Вот по этому я путешествую одна и обожаю дайвинг - море и ты.

----------


## Asteriks

Вот это да! А я воды боюсь. И высоты. И ещё... меня укачивает в транспорте! Ахахахаха)))

----------


## Irina

Борись или будешь побежденным... А на счет транспорта - летай самолетами, там меньше всего укачивает (проверено на многих неоднократно).

----------


## Asteriks

Как вспомню перелёт из Севастополя в Минск))) Нет, лучше поездом или на своей машине. Одиночество вроде обсуждаем...

----------


## Irina

Одиночество полезно, когда нужно мысли и чувства привести в порядок.

----------


## Alex



----------


## Irina

Вот такие фото да на ТВ вместо рекламы, сколько бы людей набрало номер родителей.

----------


## Akasey

[Скрытая ссылка. Необходима регистрация. ]

вот вычитал:

*Мы никогда не «излечим» одиночество. Но, осмыслив его, мы сможем лучше понять человека, поскольку истина заключается в том, что человек по своей сути — и метафизически, и психологически — одинок.*

* У состояния одиночества есть свои преимущества и недостатки. Преимущества одиночества ощущают те, кто сознательно выбирает для себя это состояние. Так же как и недостатки чувствуют на себе те, кто тяготится своим одиночеством. Чтобы лучше разобраться в том и другом, уметь использовать себе на благо свое вынужденное или сознательное одиночество, а так же успешнее преодолевать одиночество, если вы понимаете, что хотите выбраться из этого состояния, - читайте эту статью до конца.

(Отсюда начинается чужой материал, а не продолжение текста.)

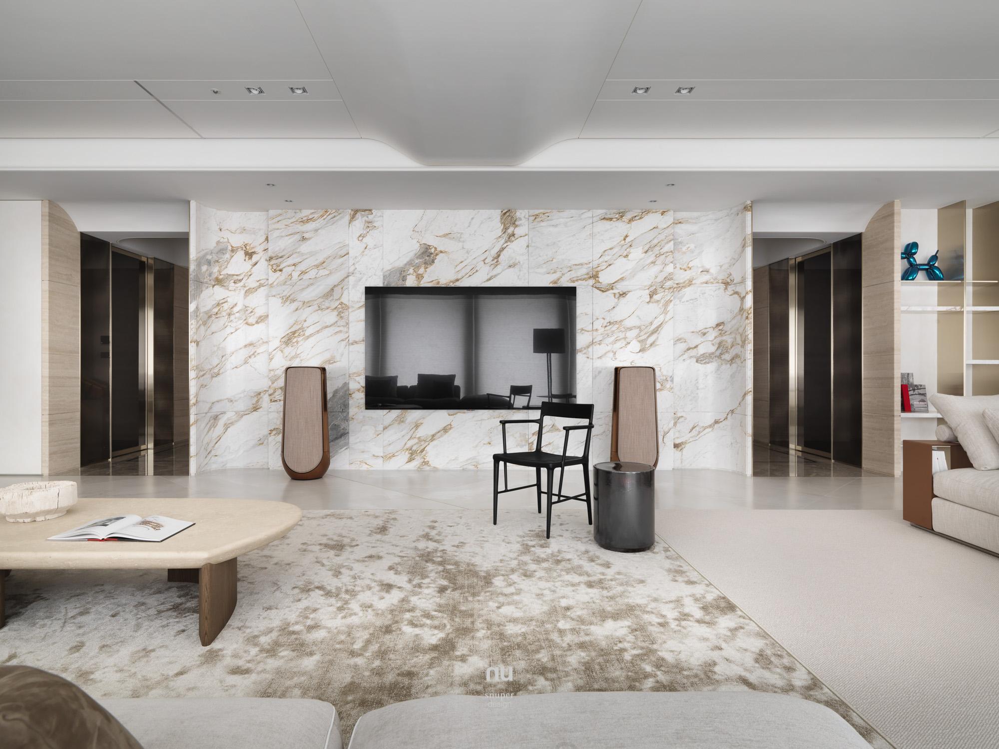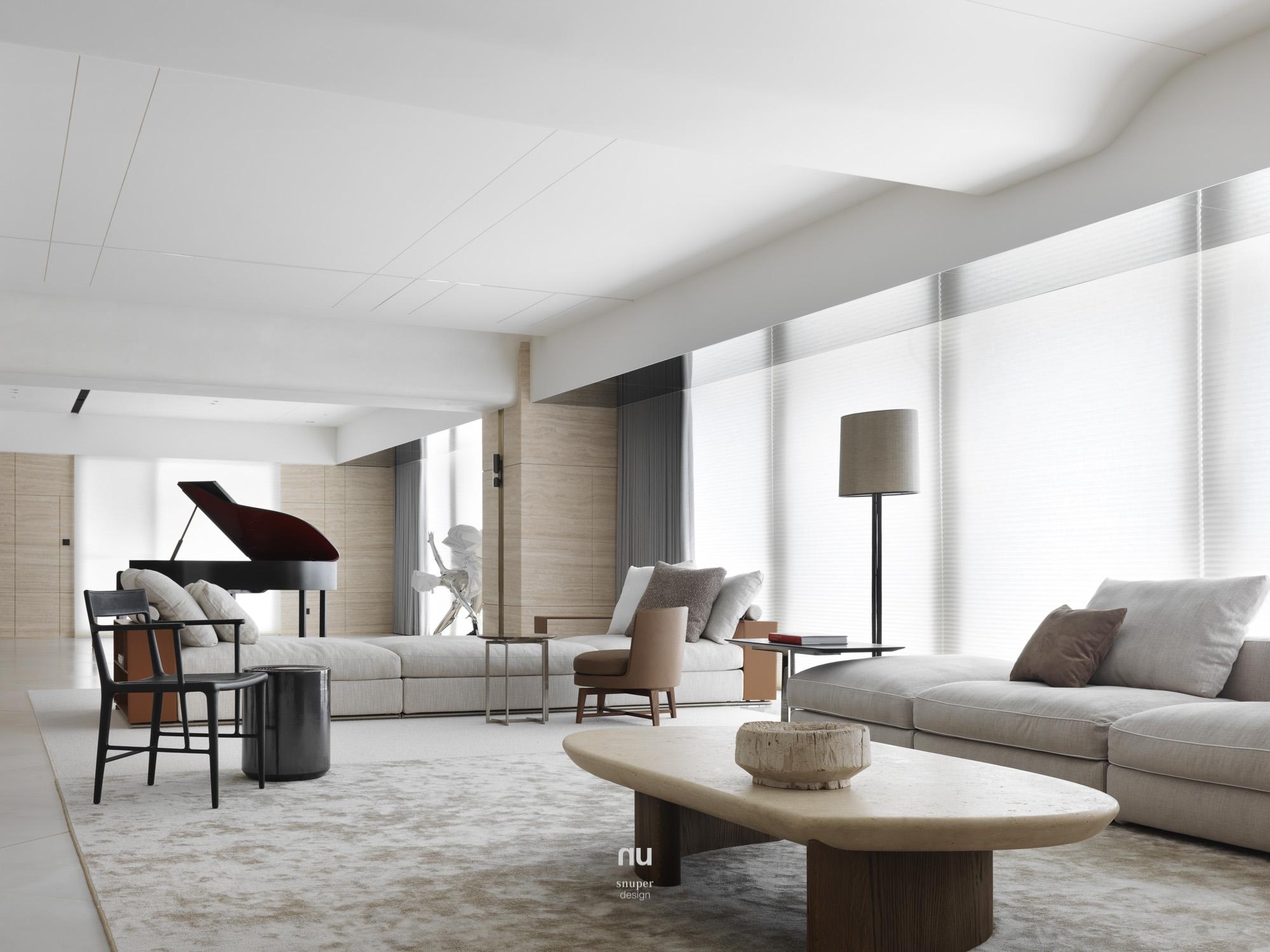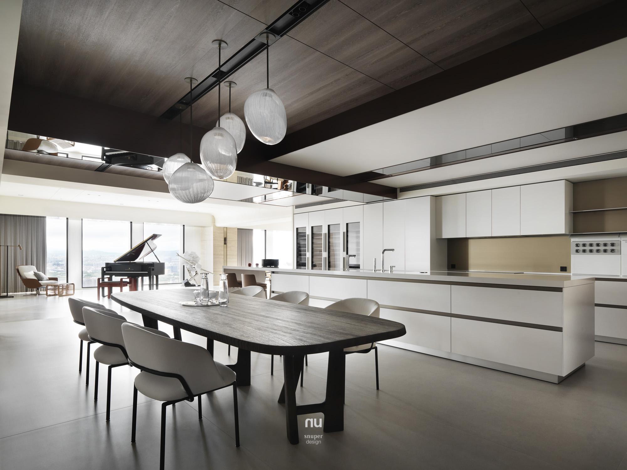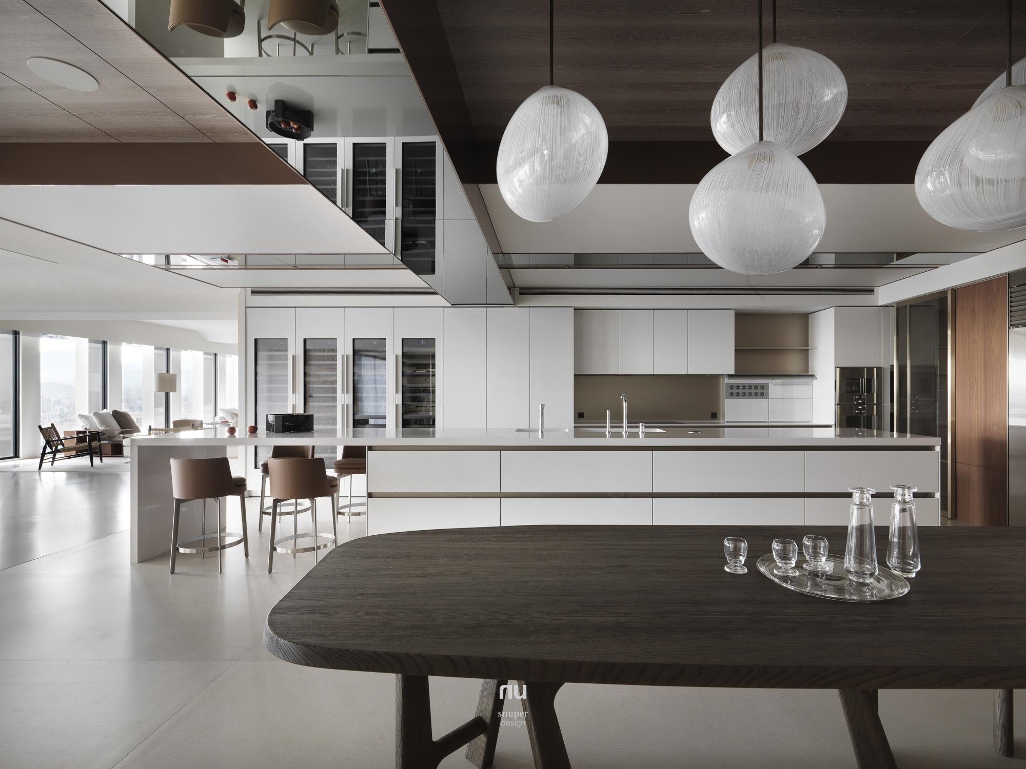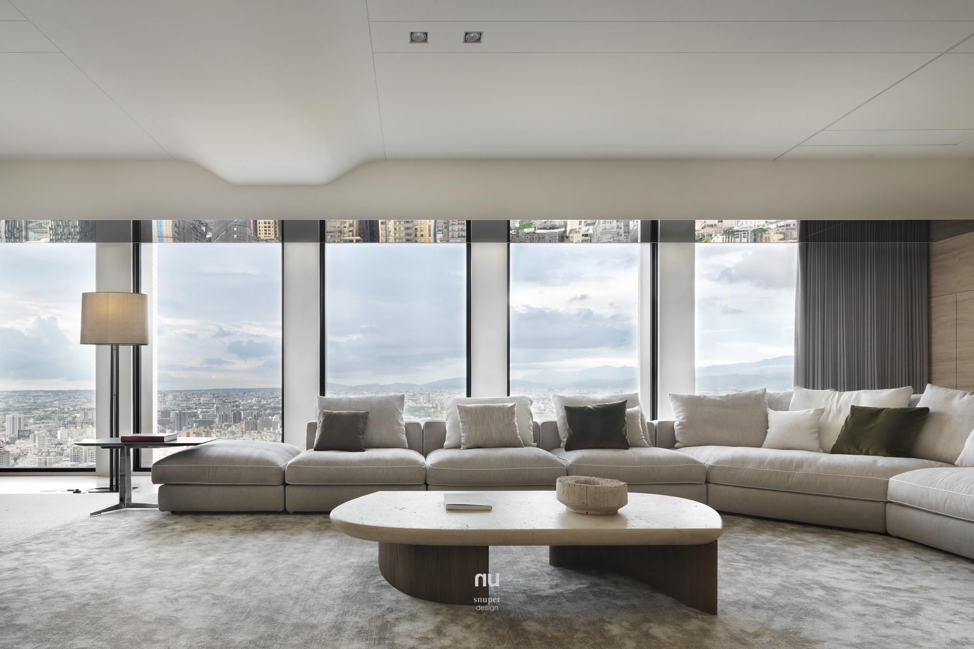 頂層之上,設計不再追求被看見,而是被感受。以高度、留白與材質密度構築秩序,石材與木質在不同場域中調整份量與溫度,讓客廳的開闊、餐廚的凝聚與衛浴的沉靜,各自成立、彼此呼應。在城市之巔,形成一種安靜、經得起時間的居住狀態。

*Отрицательные стороны одиночества.*

В ходе нового исследования было установлено, что мужчины и женщины без постоянных партнеров слишком много пьют, пропускают приемы пищи, слишком много работают и лишены эмоциональной стабильности, которой наслаждаются состоящие в браке. Одиночество так же ужасно для человека, как и курение, – или даже хуже. Самые страшные новости исследователи преподнесли одиноким женщинам в возрасте 30 лет с хвостиком – состояние одиночества в большей степени, чем сигареты, вино и беспокойство по поводу лишнего веса, сокращает продолжительность жизни. 
* Одиночество в равной степени негативно влияет на долголетие и мужчин, и женщин, так же, как и курение. Пока неясно, почему одиночество настолько губительно для здоровья. Но предполагается, что одинокие люди склонны вести менее здоровый образ жизни. Они больше пьют, потому что чаще встречаются с большими компаниями друзей; они пропускают приемы пищи, например, завтраки, и больше работают, потому что у них нет партнера, которому хотелось бы уделять больше времени. И у них нет "поверенного", которому можно было бы излить душу. 
* Женатые пары, в отличие от одиноких людей, лучше питаются, и у них более комфортные условия дома. Дети в браке тоже находятся под воздействием стабилизирующего фактора, в то время как одинокие люди чаще идут на риск. 
* Если ты замужем, то у тебя есть партнер, который поддерживает твою самооценку, партнер считает, что ты просто волшебный человек, и беспокоится о тебе, когда ты опаздываешь домой. Если твоя самооценка высока, то ты проявляешь больше интереса к себе и больше о себе заботишься. У тебя есть чувство ответственности за себя и своего партнера. Если появляются и вырастают дети, то ты несешь ответственность и за них, особенно если ты женщина.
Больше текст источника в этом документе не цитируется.